Une exposition des photographies que j’ai prises dans les bâtiments et dans les ruines des camps nazis est organisée par la collaboration du War Heritage Institute de Bruxelles et du Centre d’Action Laïque de Namur.

Voici le texte qui résume ma démarche et qui y sera lu à ma demande.

« La trace est au coeur de mon oeuvre de photographe. Traces des camps, objet de cette exposition, mais aussi traces des anciens charbonnages de ma ville natale, traces des deux guerres mondiales, ou encore les ruines de l’Antiquité où mes chemins ont croisé ceux de Freud, car il arrive qu’un chercheur de traces croise celles d’un autre chercheur de traces… Pendant une dizaine d’années, je suis allé de camp en camp, de ghetto en ghetto, de cimetière en cimetière, photographiant miradors, barbelés, tables de dissection, crématoires, chambres à gaz, et quand il ne reste rien, les voies ferrées et l’emplacement de fosses communes où la terre rejette encore aujourd’hui des fragments d’os.

D’exposition en exposition, mes photographies ont été présentées comme un travail de mémoire. L’œuvre échappe à son créateur car ce n’était pas mon intention. Les camps ont été ma scène primitive et je n’avais nul travail à accomplir. Dès l’enfance j’avais découvert les images prises par les Allemands à Auschwitz et à Varsovie et par les Alliés, au printemps 45, à Bergen-Belsen, Dachau, Buchenwald, Ohdruf, Tekla, Vobelin. Il me suffit de fermer les yeux, de convoquer les photographies de Lee Miller, de George Rodger, d’Éric Schwab, pour voir, présentes en moi, les images des malheureux sur la rampe de Birkenau et celles des charniers, des fosses communes, des cadavres à la nudité obscène et pitoyable, des morts-vivants qu’on appelait alors les musulmans. Ce n’était pas un travail de mémoire, c’était un travail de deuil. Je voulais éprouver physiquement le vide, entendre les échos du silence, ce silence « bruyant du cri innombrable », et traduire mon deuil dans le mode d’expression qui est le mien.

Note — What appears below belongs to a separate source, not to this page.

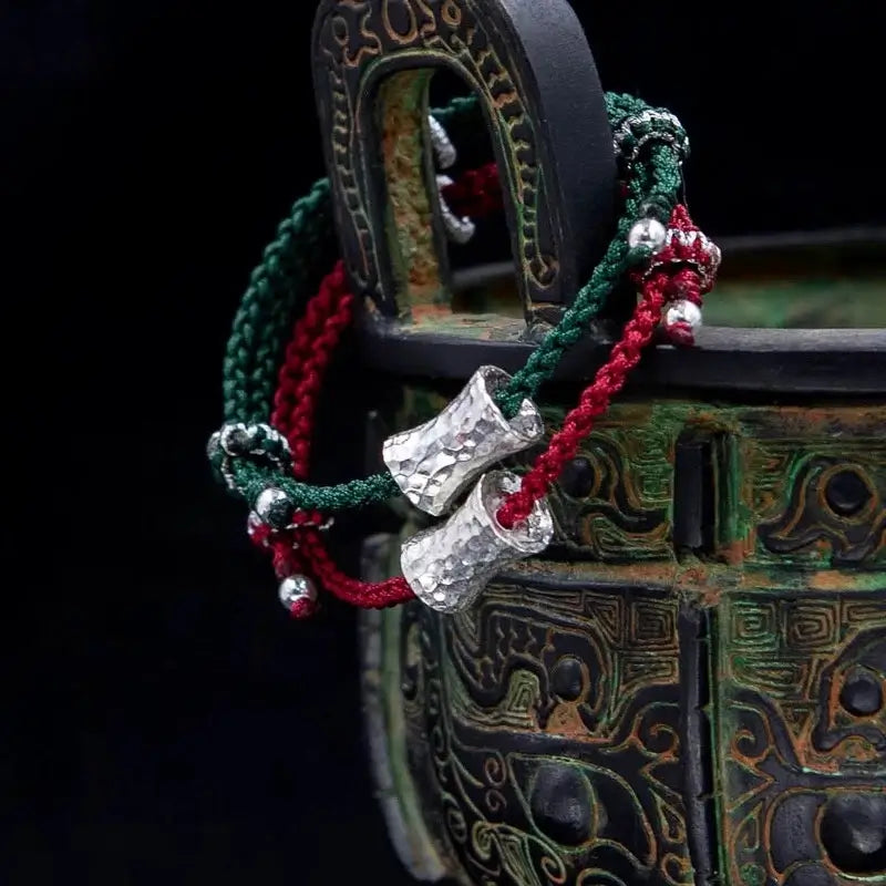 最高級の925シルバーで作られたこのカップル用「Lu Lu Tong(滑らかな道のチャーム)」ブレスレットは、ピーナッツ模様のデザインと、しっかりと編まれた赤と緑のコードが特徴です。シルバーは繊細な質感で酸化しにくく、コードは耐摩耗性と肌に優しいため、長時間快適に着用できます。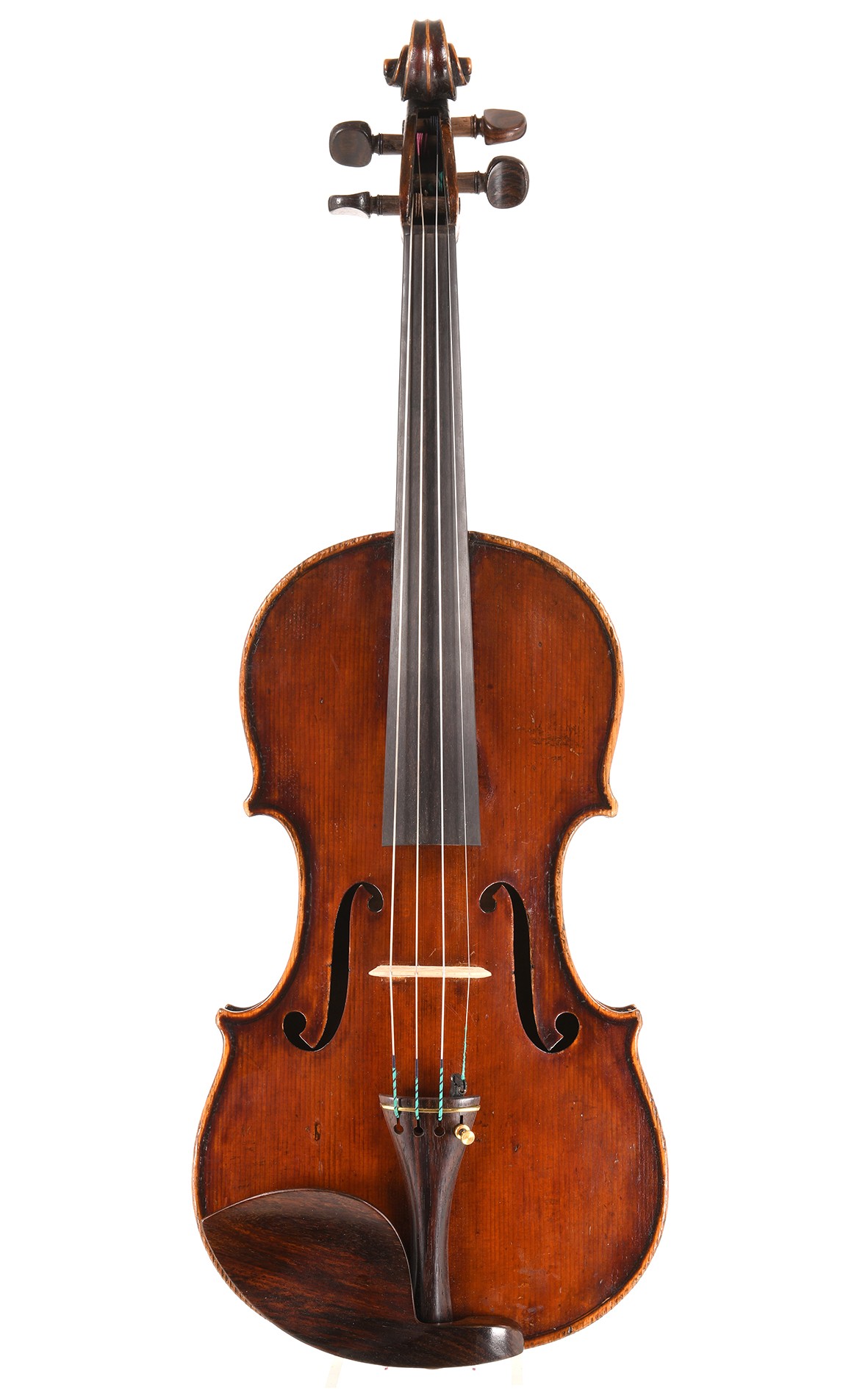 Questo bel violino inglese appartiene probabilmente all'opera di George Chanot, che ha condotto una vita un po' riottosa prima di stabilirsi per diventare uno dei più grandi maestri della liuteria inglese del XIX secolo. L'innovazione e l'eccellenza artigianale definivano la tradizione della famiglia Chanot, che aveva le sue origini a Mirecourt e che gestiva il laboratorio dove niente meno che un luminare del grande Jean-Baptiste Vuillaume mosse i primi passi della sua carriera. Non è stata quindi una vera sorpresa scoprire un numero d'inventario della famosa bottega londinese W. E. Hill & Sons impresso sulla scatola dei chiodini di questo violino e sulla tastiera (che abbiamo sostituito); questi segni confermano le virtù del violino come uno strumento della migliore provenienza e della massima qualità, sia per le sue proprietà musicali che per i suoi dettagli artigianali. La venatura da moderata a larga della tavola di abete rosso e l'acero strettamente fiammato del fondo monoblocco spiegano le eccezionali proprietà di risonanza, e l'ampiezza della bellezza di questi legni è accentuata dallo spesso strato di vernice ad olio rosso scuro con il suo intenso crepitio antico. Un cartiglio annerito completa il carattere enigmatico e attraente di questo violino George Chanot inimitabilmente distinto; il violino è arrivato a noi in perfette condizioni senza crepe e ora è stato completamente impostato e reso pronto a suonare dai restauratori professionisti del nostro laboratorio. Con la sua voce grande e potente, presenta un suono caldamente raccomandato con una precisione ideale per i solisti, pieno di calore maturo e una luminosità sorprendente che si estende fino ai registri superiori.

Le mot vestige vient du latin vestigium. Vestigium c’est l’empreinte des pas, la trace du pied ou du fer d’un cheval. C’est aussi la piste du gibier que traque le chasseur. Ma piste, celle que depuis 50 ans, j’interroge avec pour arme un Leica, un Nikon, un Hasselblad, c’est le rapport qu’entretiennent traces et absence. C’est sur cette ligne fragile que je m’avance, jusqu’au jour où mes photographies seront à leur tour les traces de mon absence.”